Abstract: Single cell lineage tracing data obtained via genome editing with Crispr/Cas9 technology enables us to better understand important developmental processes at an unprecedented resolution. I will present a model that allows us to infer cell lineage phylogenies, mutation rates and lineage population size trajectories. We assume an efficient bounded coalescent model on cell phylogenies and propose a mutation model that describes how synthetic CRISPR target arrays generate observed variation after many cell divisions.  We apply our method to two different CRISPR technologies and discuss future directions, challenges, and opportunities.

Fengzhu Sun
DeepLINK: Deep learning inference using knockoffs with applications to genomics

Although practically attractive with high prediction and classification power, complicated machine learning methods often lack interpretability and reproducibility, limiting their scientific usage. A useful remedy is to select truly important variables contributing to the response of interest. We develop methods for deep learning inference using knockoffs, DeepLINK and DeepLINK-T, to achieve the goal of variable selection with controlled error rate in deep learning models for cross-sectional and temporal time series data. We show that DeepLINK can have high power in variable selection with a broad class of model designs. We apply DeepLINK to real datasets related to human gut microbiome, murine and human single cell RNA-seq data sets, and marine time microbiome time series data. DeepLINK produces statistical inference results with both reproducibility and biological meanings, demonstrating its promising usage to a broad range of scientific applications.

Yubai Yuan
Title: Optimal Transport for Latent Integration with An Application to Heterogeneous Neuronal Activity Data

Abstract: Detecting dynamic patterns of task-specific responses shared across heterogeneous datasets is an essential and challenging problem in many scientific applications in medical science and neuroscience.

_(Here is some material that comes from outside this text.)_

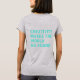 Tshirt for creatives features the text 'creativity makes the world go round' on the back of the tshirt in bright turquoise blue typography on a gray background. Exclusively designed for you by Happy Dolphin Studio. If you need any help or matching products, please contact us through our store chat!

In our motivating example of rodent electrophysiological data, identifying the dynamical patterns in neuronal activity associated with ongoing cognitive demands and behavior is key to uncovering the neural mechanisms of memory. One of the greatest challenges in investigating a cross-subject biological process is that the systematic heterogeneity across individuals could significantly undermine the power of existing machine learning methods to identify the underlying biological dynamics. In addition, many technically challenging neurobiological experiments are conducted on only a handful of subjects where rich longitudinal data are available for each subject. The low sample sizes of such experiments could further reduce the power to detect common dynamic patterns among subjects. In this paper, we propose a novel heterogeneous data integration framework based on optimal transport to extract shared patterns in complex biological processes. The key advantages of the proposed method are that it can increase statistical power in identifying common patterns by reducing heterogeneity unrelated to the signal by aligning the extracted latent spatiotemporal information across subjects. Our approach is effective even with a small number of subjects, and does not require auxiliary matching information for the alignment. In particular, our method can align longitudinal data across heterogeneous subjects in a common latent space to capture the dynamics of shared patterns while utilizing temporal dependency within subjects. Our numerical studies on both simulation settings and neuronal activity data indicate that the proposed data integration approach improves prediction accuracy compared to existing machine learning methods.

Xiaohui Chen
Title: GeONet: a neural operator for learning the Wasserstein geodesic

Abstract: Optimal transport (OT) offers a versatile framework to compare complex data distributions in a geometrically meaningful way. Traditional methods for computing the Wasserstein distance and geodesic between probability measures require mesh-dependent domain discretization and suffer from the curse-of-dimensionality. We present GeONet, a mesh-invariant deep neural operator network that learns the non-linear mapping from the input pair of initial and terminal distributions to the Wasserstein geodesic connecting the two endpoint distributions. In the offline training stage, GeONet learns the saddle point optimality conditions for the dynamic formulation of the OT problem in the primal and dual spaces that are characterized by a coupled PDE system. The subsequent inference stage is instantaneous and can be deployed for real-time predictions in the online learning setting. We demonstrate that GeONet achieves comparable testing accuracy to the standard OT solvers on a simulation example and the CIFAR-10 dataset with considerably reduced inference-stage computational cost by orders of magnitude.

Andrew J Gentles
Title: Spatial organization and immunotherapy response in solid tumors

Abstract: In cancer, complex ecosystems of interacting cell types play fundamental roles in tumor development, progression, and response to therapy. However, the cellular organization, community structure, and spatially defined microenvironments of human tumors remain poorly understood. With the emergence of new technologies for high-throughput spatial profiling of complex tissue specimens, it is now possible to identify clinically significant spatial features with high granularity. We recently introduced EcoTyper, a machine learning framework for large-scale identification and validation of cell states and multicellular communities from bulk, single-cell, and spatially resolved gene expression data. When applied to 12 major cell lineages across 16 types of human carcinoma, EcoTyper identified 69 transcriptionally defined cell states. Most states were specific to neoplastic tissue, ubiquitous across tumor types, and significantly prognostic. By analyzing cell-state co-occurrence patterns, we discovered ten clinically distinct multicellular communities with unexpectedly strong conservation, including three with myeloid and stromal elements linked to adverse survival, one enriched in normal tissue, and two associated with early cancer development. Two ecotypes represented inflamed immune responses that correlated with response to immunotherapy, influenced by the spatial organization of their cell state. This study elucidates fundamental units of cellular organization in human carcinoma and provides a framework for large-scale profiling of cellular ecosystems in any tissue.”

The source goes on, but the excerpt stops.